So I'm super new to learning Python, currently a little over halfway through a heavy Udemy course and wanted to give myself a challenge to apply skills along the way. I scraped and concatenated a dataframe of 10 years worth of fantasy football drafts from the league I'm in and wanted to see if there's a way to predict a winner based off how each team drafts skill position players. I know there's a ton of variables throughout the season (injuries, trades, waiver wire pickups, etc) but I'm doing this just for fun and to hammer home the skills I'm learning about.
The problem I'm having is that the dataframe is a MultiIndex (I believe?) and grouped first by the year, team, pick number, draft choice, and either a 1 or 0 for win or lose. It looks like this:
This is the code I'm using to try and run the model.
from sklearn.model_selection import train_test_split
X = stackedDF.drop(['Win','Team'],axis=1)
y = stackedDF['Win']
X_train, X_test, y_train, y_test = train_test_split(X,y, test_size=0.3)

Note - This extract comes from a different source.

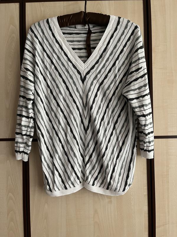 Пуловев с треугольным вырезом. Ткань - хлопок со льном. Длина 60, плечи 52 (спущены), от горловины до низа рукава 54, по груди 51, по низу 41, хорошо тянется. Рукав на 3/4. Состояние новой вещи
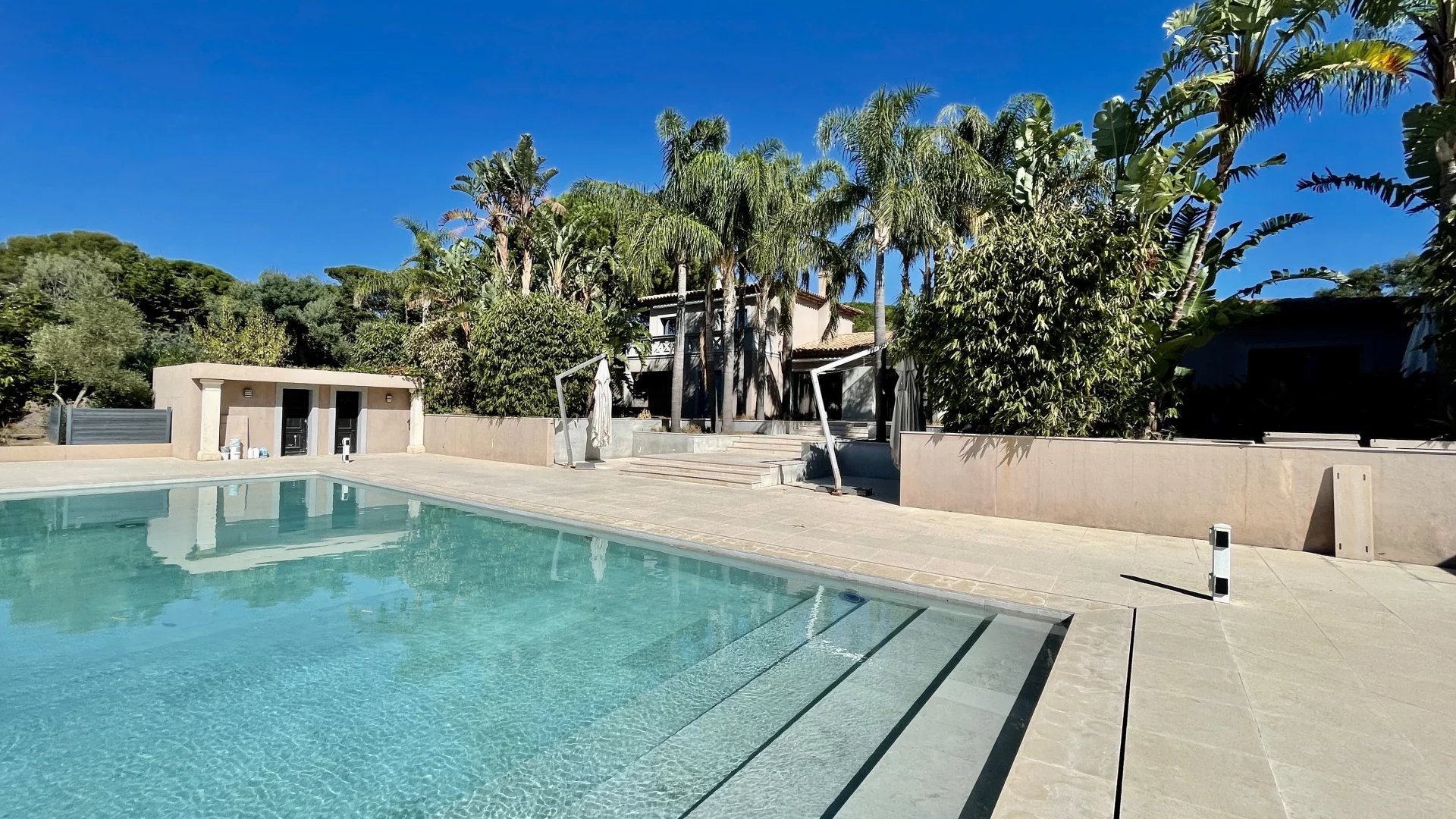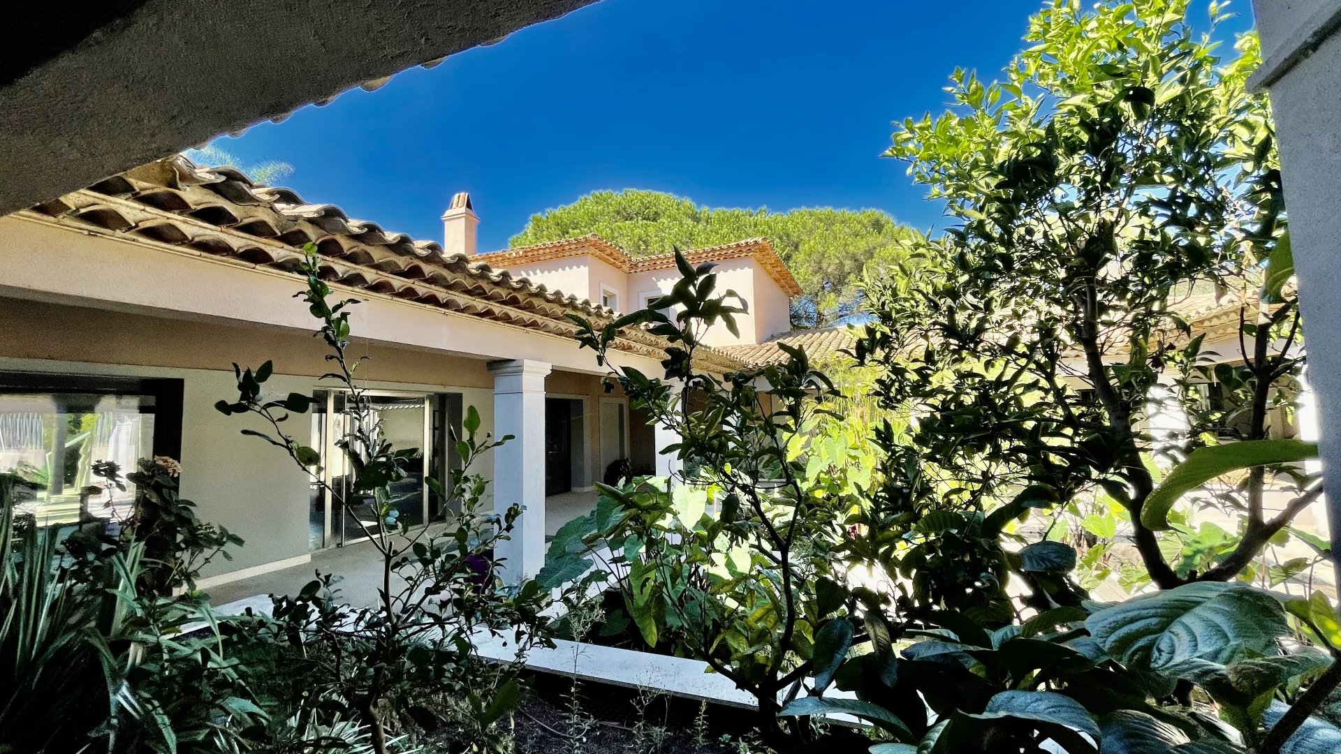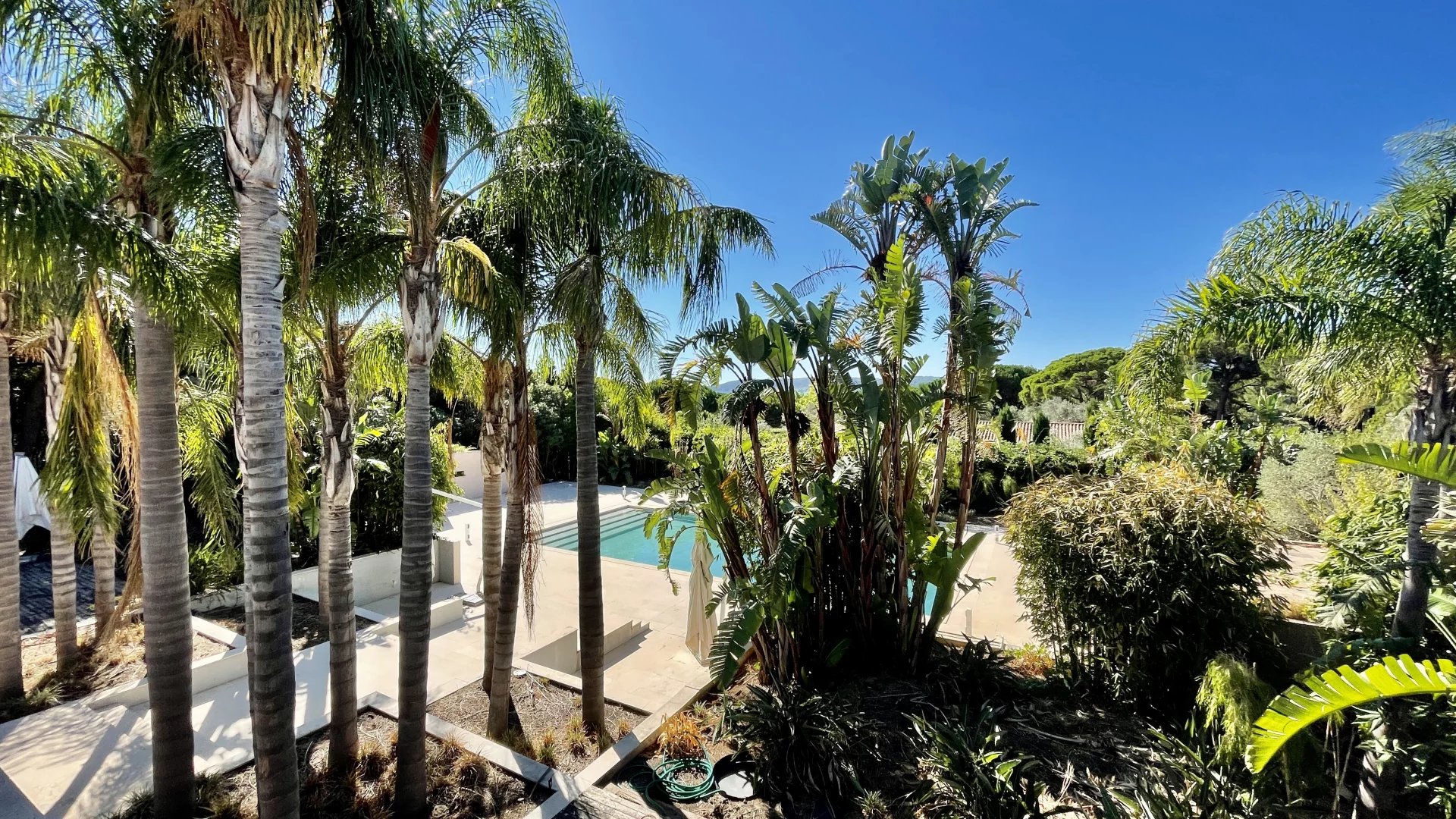 Rare, superbe villa individuelle contemporaine située entre Ramatuelle et Saint Tropez dans le quartier Bellevue ou route de Tahiti à 5 minutes des prestigieuses plages privées de Pampelonne dans un environnement dégagé, calme et résidentiel.

from sklearn.linear_model import LogisticRegression
logmodel = LogisticRegression()
logmodel.fit(X_train,y_train)
predictions = logmodel.predict(X_test)
And I receive the following error in Jupyter:
ValueError: could not convert string to float: ' QB'
I'm guessing this means I'll need to convert each skill position into a number maybe by way of a dictionary? For example {'QB':'1','RB':'2'} etc...
Am I way off here? Hope this isn't a lame question, I'm still super new to this and am exciting to be learning Python. Thanks!